[GIVEN DATA]:
____

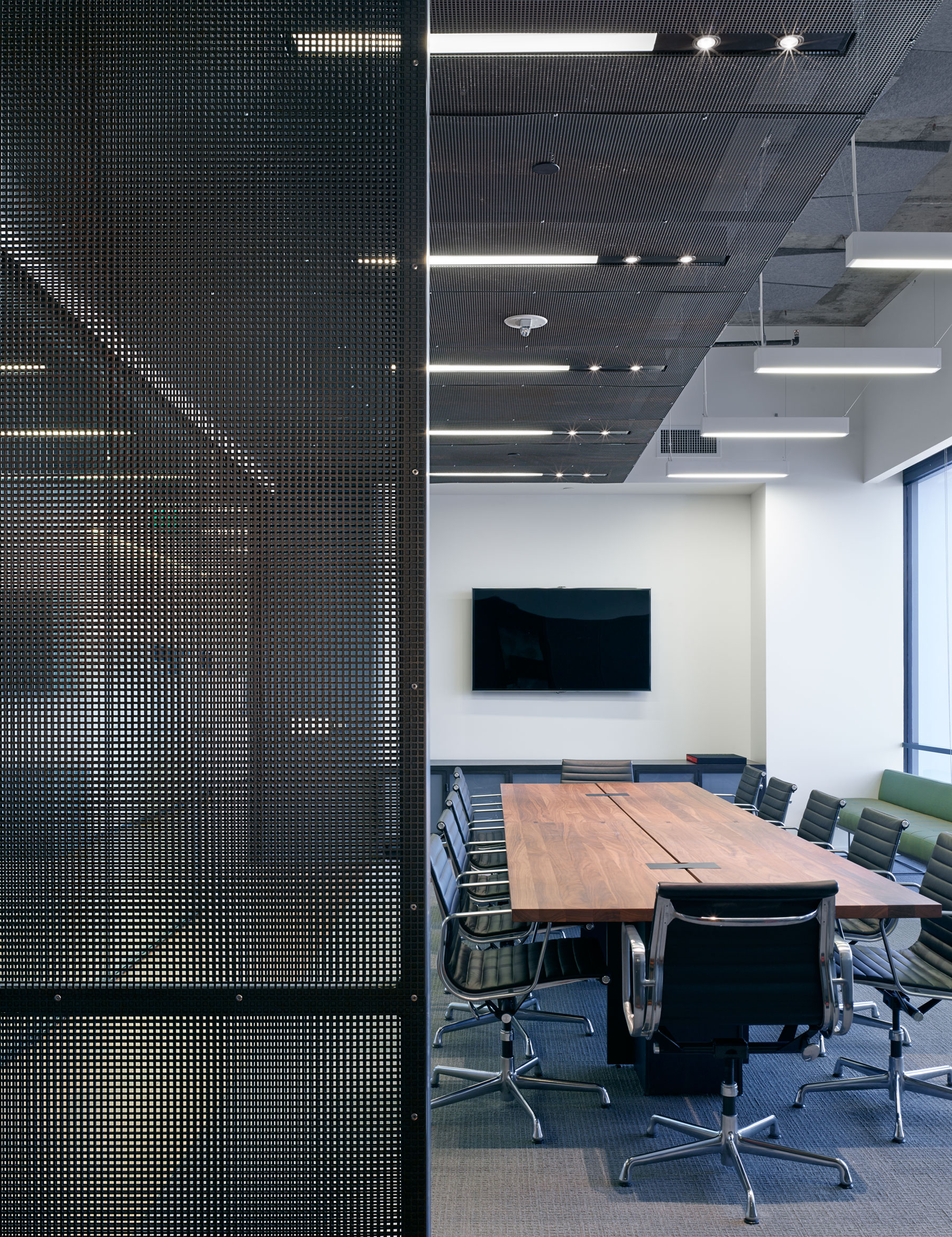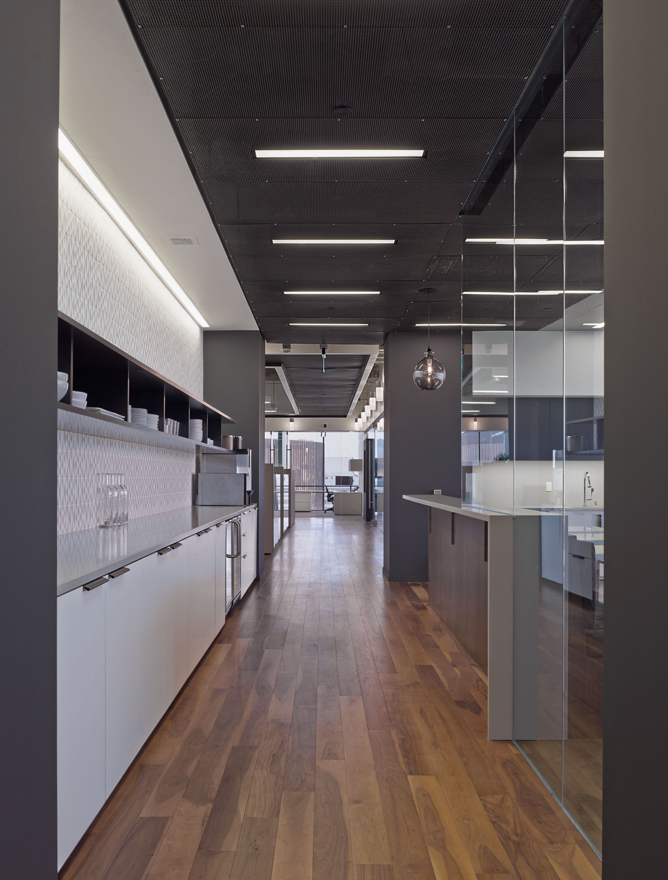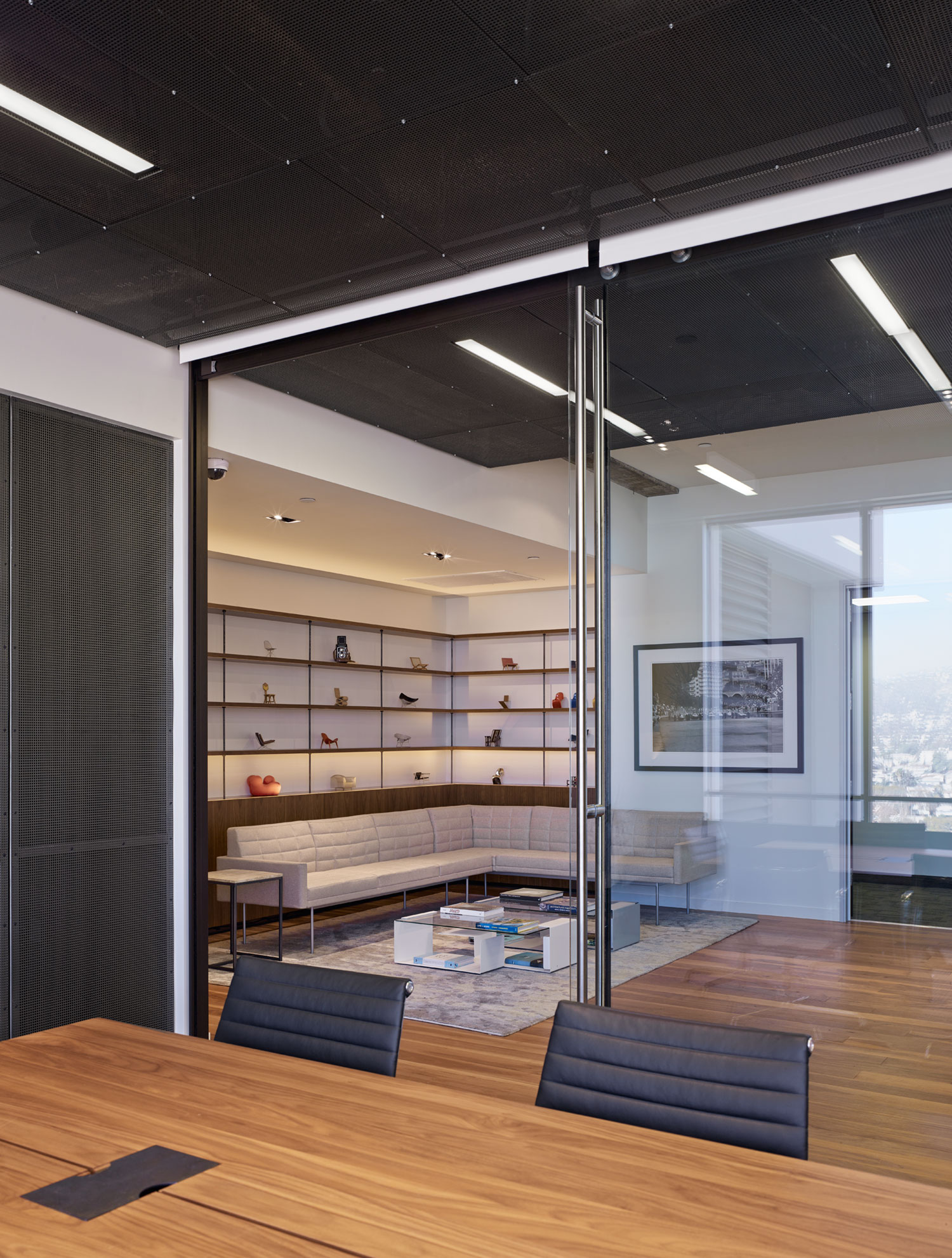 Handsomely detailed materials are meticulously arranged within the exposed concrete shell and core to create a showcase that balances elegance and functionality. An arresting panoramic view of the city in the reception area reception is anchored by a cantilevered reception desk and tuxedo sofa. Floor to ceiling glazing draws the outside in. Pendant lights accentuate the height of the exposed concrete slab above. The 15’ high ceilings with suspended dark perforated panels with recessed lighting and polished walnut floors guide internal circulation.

____

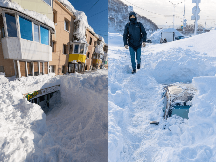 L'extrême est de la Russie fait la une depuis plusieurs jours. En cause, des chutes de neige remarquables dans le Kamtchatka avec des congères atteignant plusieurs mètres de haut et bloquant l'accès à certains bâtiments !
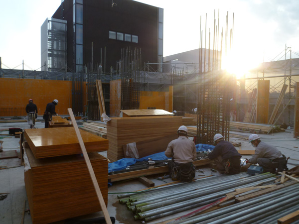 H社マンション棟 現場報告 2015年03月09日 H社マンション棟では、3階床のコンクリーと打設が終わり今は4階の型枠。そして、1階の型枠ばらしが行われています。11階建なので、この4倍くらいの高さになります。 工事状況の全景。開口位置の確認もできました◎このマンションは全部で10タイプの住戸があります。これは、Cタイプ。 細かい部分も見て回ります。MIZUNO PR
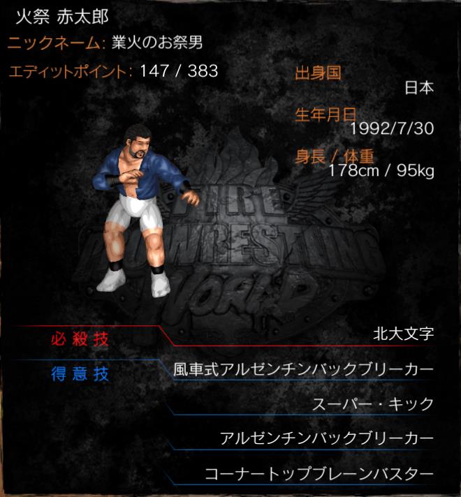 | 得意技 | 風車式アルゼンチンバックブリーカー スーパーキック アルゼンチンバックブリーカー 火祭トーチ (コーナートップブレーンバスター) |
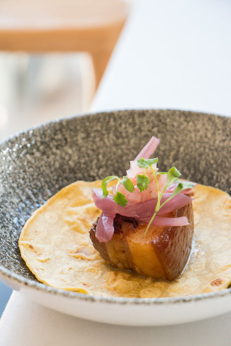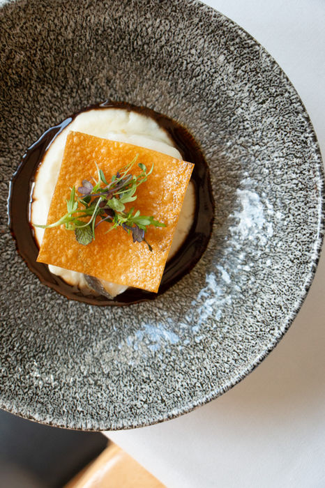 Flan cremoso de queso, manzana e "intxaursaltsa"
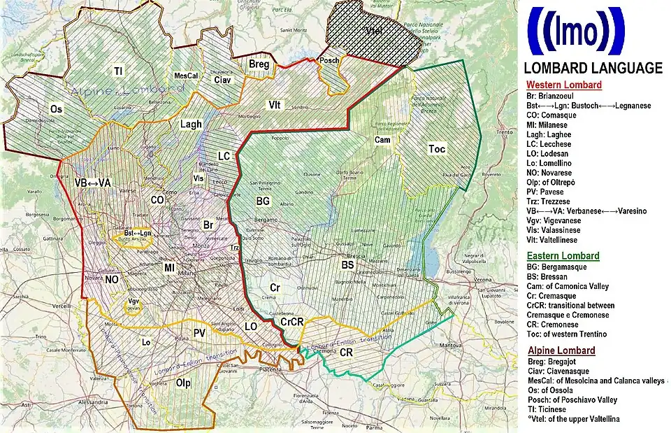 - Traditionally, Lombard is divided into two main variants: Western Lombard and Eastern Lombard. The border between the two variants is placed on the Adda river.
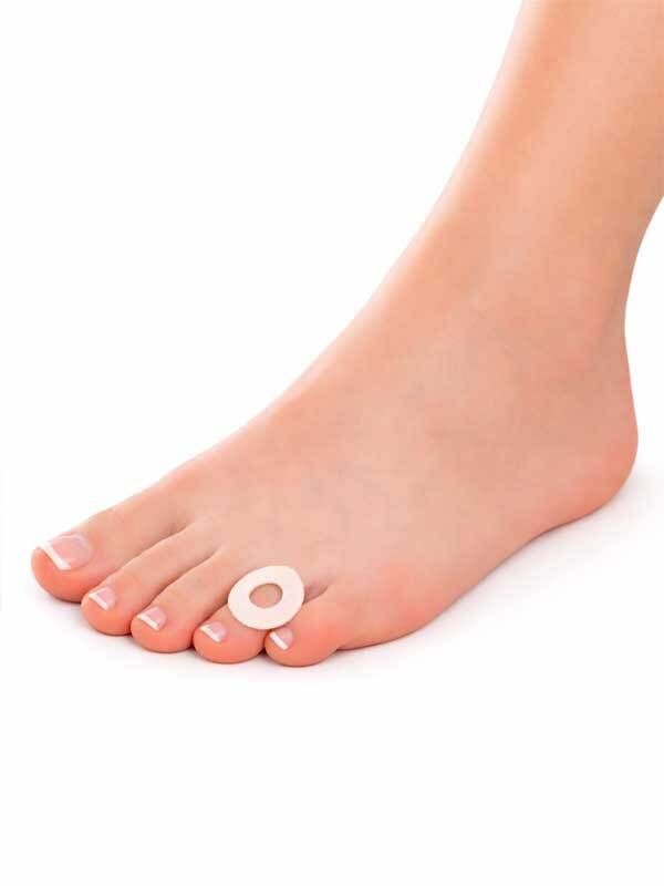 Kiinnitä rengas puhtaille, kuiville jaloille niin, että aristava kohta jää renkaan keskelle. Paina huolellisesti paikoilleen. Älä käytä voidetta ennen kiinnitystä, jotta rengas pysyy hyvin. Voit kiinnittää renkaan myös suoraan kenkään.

____

[PROMPT]: In the material above, one part opens with the line containing "- Traditionally, Lombard" and closes with the line containing "Kiinnitä rengas puhtaille, kuiville". Write out that part exactly and skip its pictures.

[EXPECTED ANSWER]:
 - Traditionally, Lombard is divided into two main variants: Western Lombard and Eastern Lombard. The border between the two variants is placed on the Adda river.
 Kiinnitä rengas puhtaille, kuiville jaloille niin, että aristava kohta jää renkaan keskelle. Paina huolellisesti paikoilleen. Älä käytä voidetta ennen kiinnitystä, jotta rengas pysyy hyvin. Voit kiinnittää renkaan myös suoraan kenkään.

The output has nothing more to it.